▸ **HOW TO COMPLETE THIS TASK**: Repeat the entries below exactly as they appear, with no pictures.

○ ○ ○

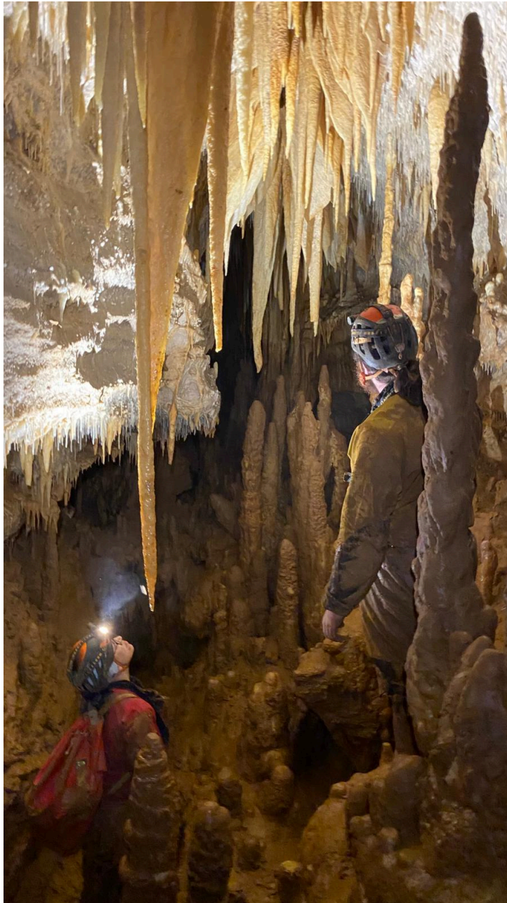
Marron en bas, blanc en haut

La grotte présente plusieurs niveaux, un peu comme dans le Y du Neuvon. Si en bas, c'est la guerre de la boue, en haut, c'est la galerie des merveilles ! Des excentriques de toutes formes et de toutes tailles, des stalactites pointues, hérissées par milliers... On en prend plein les yeux.
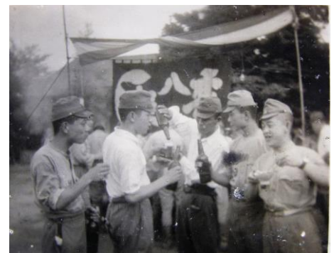
会報 18 号(H22.12)の表紙 料亭の慰問
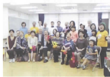
「あはは」とみんなで笑って記念撮影
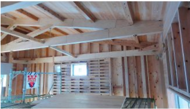
2018/01/19 片流れトラス (ヒノキLVL)
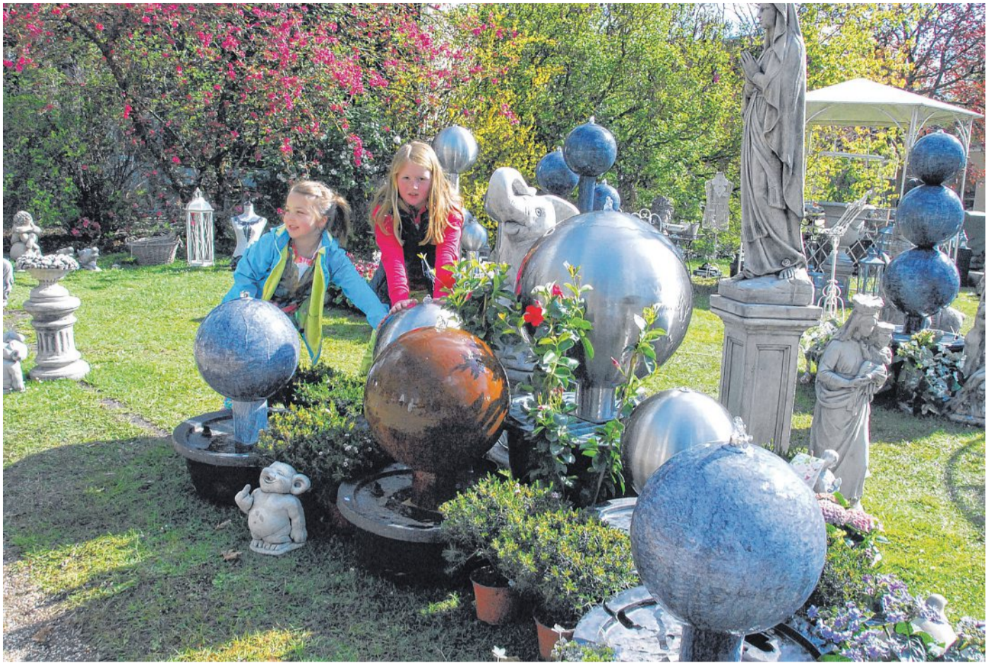
Shopping im Grünen und Top-Entertainment: die Landpartie 2015 präsentiert sich vom 28. bis 30. August mit neuem Profil.

Vor allem aber hat die Landpartie im vergangenen Jahr eines gezeigt: Sie wird von den Besuchern wie eine Auszeit vom

○ ○ ○

▸ **SOLUTION TO THIS TASK**:
Marron en bas, blanc en haut

La grotte présente plusieurs niveaux, un peu comme dans le Y du Neuvon. Si en bas, c'est la guerre de la boue, en haut, c'est la galerie des merveilles ! Des excentriques de toutes formes et de toutes tailles, des stalactites pointues, hérissées par milliers... On en prend plein les yeux.
会報 18 号(H22.12)の表紙 料亭の慰問
「あはは」とみんなで笑って記念撮影
2018/01/19 片流れトラス (ヒノキLVL)
Shopping im Grünen und Top-Entertainment: die Landpartie 2015 präsentiert sich vom 28. bis 30. August mit neuem Profil.

Vor allem aber hat die Landpartie im vergangenen Jahr eines gezeigt: Sie wird von den Besuchern wie eine Auszeit vom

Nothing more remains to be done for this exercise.